Results of eight tested methods: (a) energy value as \(\%PDM\); (b) execution time, (c) acceleration factor of each method relative to the slowest method (DLS-cpu); (d) acceleration factor of each method relative to the method (GC-expansion) that gets the lowest energy.

The results of different methods are reported in Fig. 3. From (a) to (d) are respectively reported energy value as \(\%PDM\), execution time, acceleration factor of each method relative to the slowest method (DLS-cpu), and acceleration factor of each method relative to the method (GC-expansion) that gets the lowest energy. The ICM method runs fastest but generates very high energies, while DLS-gpu runs a little slower than ICM but generates much lower energies with more acceptable \(\%PDM\) values smaller than 5%. An important observation from Fig. 3 is that, among all the tested methods, only the DLS-gpu has an acceleration factor which increases according to the augmentation of input size. This means that further improvement could be carried on only by the use of multi-processor platform with more effective cores.

Fig. 4.
figure 4

Disparity maps for the Art (463 \(\times \) 370) benchmark obtained with different energy minimization methods. The disparity range is set to 64 pixels.

In Fig. 4 are displayed the disparity maps for the Art benchmark. Note that during our experiments, we choose the stereo matching application but only view it as an energy minimization problem, just focusing on minimizing energies. The disparity maps obtained from all the tested methods are the raw results after energy minimization, without any additional post-treatments such as left-right consistency check, occlusion detection, or disparity smoothing, which are all treatments specific to stereo matching in order to minimize the errors compared with ground truth disparity maps.

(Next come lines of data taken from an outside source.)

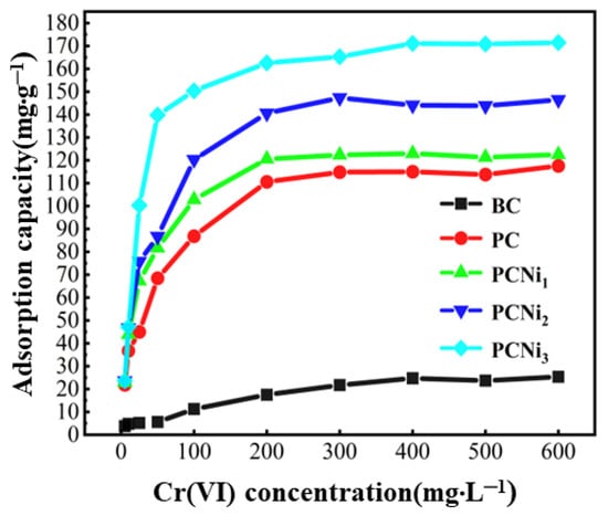 The primary concentration of a solution is also one of the important parameters affecting the effectiveness of the adsorption process. Figure 9 illustrates the performance of BC, PC, and PCNi in removing Cr (VI) from water under changed initial Cr (VI) concentrations (5~600 mg·L−1). With the increment in the initial concentration from 5 to 600 mg·L−1, the adsorption of Cr (VI) by modified biochar Cr (VI) firstly increases sharply and then slows down until reaching the adsorption equilibrium. This phenomenon is a result of the fact that when Cr (VI) ions increase in the solution, the limited active regions of the top layer of the biochar are progressively exhausted to reach adsorption saturation [37]. Notably, the adsorption performance of PC and PCNi is much higher than that of BC, indicating that the treatments of H3PO4 activation and nickel doping have significant modification effects on biochar. In addition, the high content of nickel doping is favorable to the enhancement of the adsorption efficiency of PCNi, which is the result of change in the surface functional groups caused by nickel doping, the strong attraction of surface nickel to Cr (VI), and the high charge mobility rate of Ni7P3. When the initial solution concentration of Cr (VI) is 600 mg·L−1, the PCNi3 sample has the highest adsorption efficiency, reaching up to 171.43 mg·g−1. The variation in the adsorption efficiency of biochar in the initial solution concentrations of Cr (VI) reflects the results of the competition between the amount of Cr (VI) present in the solution and the number of functional groups and active sites on the external layer of the biochar.
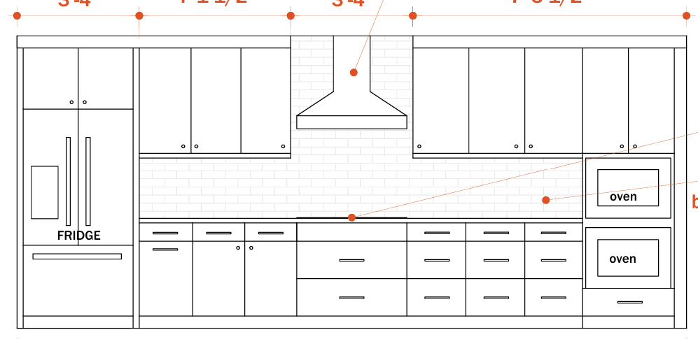 interior of a transitional kitchen kitchen sink and faucet is in the center of the elevation stainless steel hood at center of wall walnut stained cabinetry beautiful modern subway tile backsplash
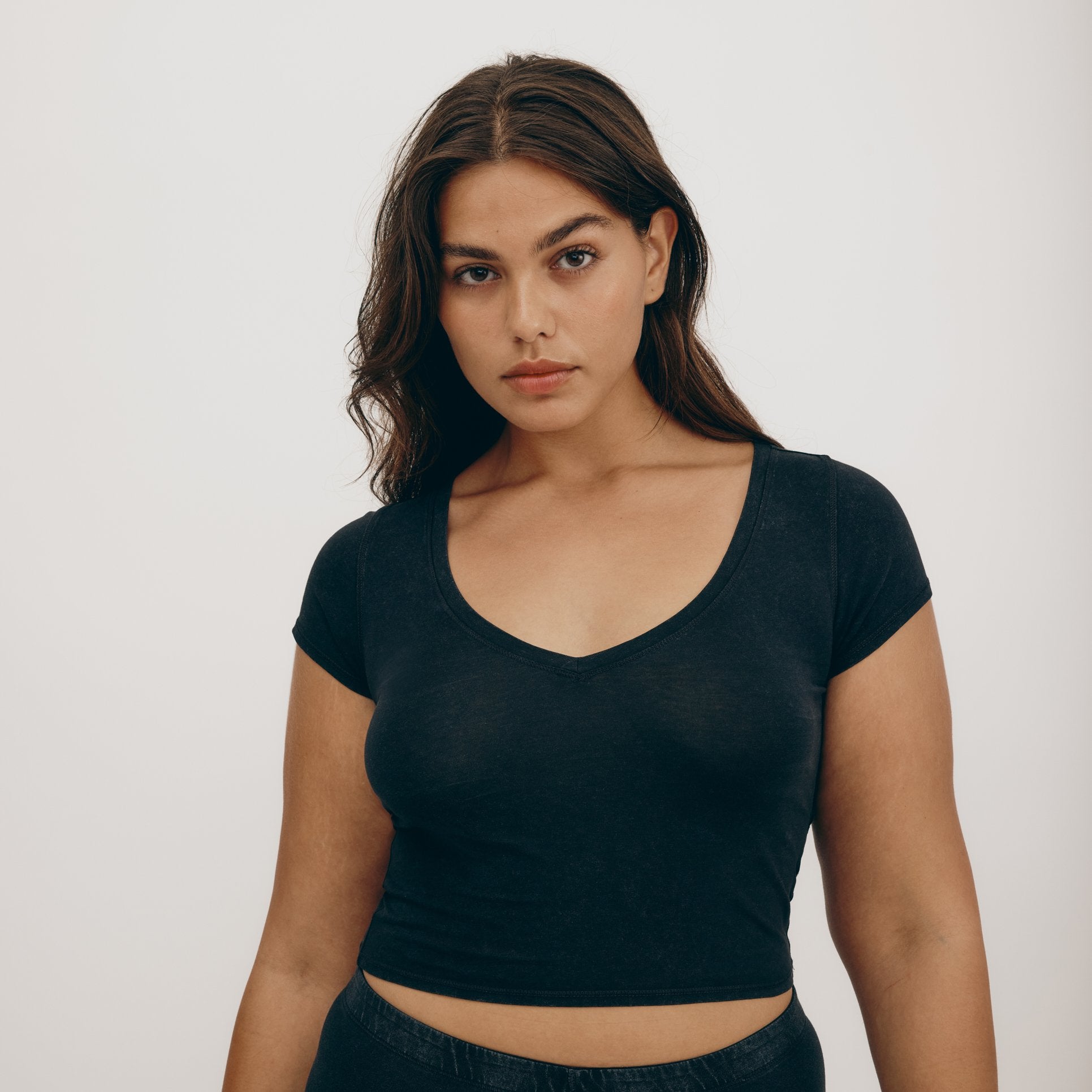 Stretch, baby! This soft, form-fitting v-neck tee made with 95% organic cotton features short sleeves and a baby tee fit.
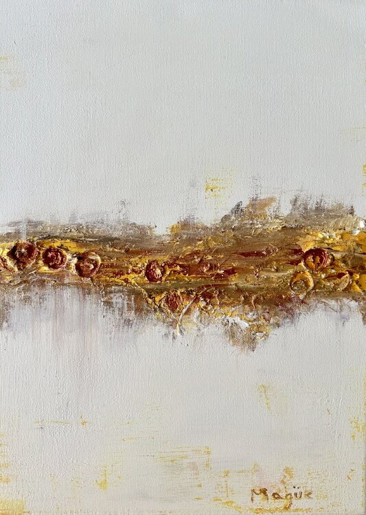 In dieser intimen Arbeit erforsche ich die Schönheit des Verborgenen. Mit einer Gesso-Grundierung forme ich das Relief und verwende Acrylfarben, um die erdigen und metallischen Töne hervorzuheben. Das Werk zeichnet sich durch ein zentrales Band aus, das an eine Mineralader oder eine geologische Schicht erinnert.

Moreover, as pointed out in [15], the ground truth solution may not always be strictly related to the lowest energy.

5 Conclusion

We have proposed a parallel formulation of local search procedure, called distributed local search (DLS) algorithm. We have applied the algorithm to stereo matching problem. The main encouraging result is that the GPU implementation of DLS on stereo matching seems to be the only method that provides an increasing acceleration factor as the instance size augments, for a result of quality less than 5% deviation to the best known energy value. For all the other approaches, the acceleration factor, against the slowest sequential version of DLS, is decreasing, except for the ICM method, which however only produces poor result of about 45% deviation to the best known energy. Graph cuts based algorithms and belief propagation based algorithms are well-performing approaches concerning quality, however the computation time increases quickly along with the instance size. That is why we hope for further improvements or improved accelerations of the DLS approach with the availability of new multi-processor platforms with more independent cores.

It is a well-known fact that the minimum energy level does not necessarily correlate to the best real-case matching. Here, we only address energy minimization discarding too much complex post-treatments necessary for the “true” ground truth matching. It should follow that many tricks are certainly not yet implemented to make energy minimization coincide to ground truth evaluation. In order to improve the matching quality in terms of minimizing the errors to ground truth only, specially designed terms for detecting typical situations in vision, such as occlusion, slanted surfaces, and the aperture problem, need to be added in the formulation of energy function.